Project 50/50: Streets of Savannah Part 3

We stood proudly on the tailgate and surveyed the pile of food. 126 items was a new record for me. It had taken the two of us more than six hours, and I could see that Michael was genuinely excited to give it away. He had been asking me where we were going to donate it, but I decided to do something a little different this time. I remembered the motel refrigerator last night, with only a quart of milk and not a speck of food anywhere else in the room. I knew what I wanted to do.

I climbed off the tailgate and pointed at our stash of canned goods. “What did we say when we knocked on the doors?” I asked him, to make sure he remembered.

“We said, ‘We’re collecting food for the homeless and hungry in Savannah. Would you like to donate?’” As Michael said the words out loud, I could tell by the way his voice trailed off at the end and he turned to look at me, that he was going to put it together. I nodded. “You qualify. I want you take some of this food, man. I want you to take whatever will help you and your brother’s family.”

Michael’s eyes had gotten big as his face became a question mark. “Are you serious?” His voice cracked when he asked the question. His left hand dropped into the back of the truck and brushed a box of Macaroni and cheese. I nodded. He picked up the box and whispered “My little neice would love this…”

I had asked him if he ever went hungry. He glanced up at me as he processed the huge amount of food filling the back of my truck. “Oh, yeah. And I hate eating the food that my bro has, because he’s got a family to feed, ya know. He never has enough. I usually just try to ignore the sounds my stomach makes. Eventually, I fall asleep.” His voice was excited, and I grabbed a plastic bag. “Here, take anything you think would be good for you guys, and that you’ll use. I’ll donate the rest.”

Michael began sorting through the boxes of microwavable stuff, the pastas and the cans of ravioli. I dug through the boxes of stuff my dad had given me to bring on the trip and found a box of military rations. I showed it to Michael. You don’t have to cook it. His eyes lit up and I handed him the bag. We began separating the things he wanted for his family in the back of the truck.

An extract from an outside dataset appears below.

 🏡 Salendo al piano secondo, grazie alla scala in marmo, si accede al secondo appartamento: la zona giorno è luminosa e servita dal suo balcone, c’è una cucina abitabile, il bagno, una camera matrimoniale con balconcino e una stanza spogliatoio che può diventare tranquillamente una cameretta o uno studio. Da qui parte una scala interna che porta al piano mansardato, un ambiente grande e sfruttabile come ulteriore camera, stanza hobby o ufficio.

I noticed that the sun was sitting low and began to mumble to myself about wanting to see a sunset in Savannah. Michael heard my personal mutterings and clarified. “Are you wanting to go somewhere else before you leave town?” I thought about it and realized that Michael didn’t have a car. There were probably a lot of places that Michael would like to go. “Where would you go if you wanted to see something beautiful?” I asked him.

“My brother told me once about a place called Tybee Island. I’ve never been there, but I bet it’s pretty,” he said. I snatched my GPS out of the front seat as Michael tied off the last bag full of macaroni and cheese for his niece. I found the Island and set the navigation. It was only about a half hour away. “Sweet dude, you wanna go?” I asked, but before the words were even out of my mouth Michael was running around to the passenger side of the truck with a huge smile on his face.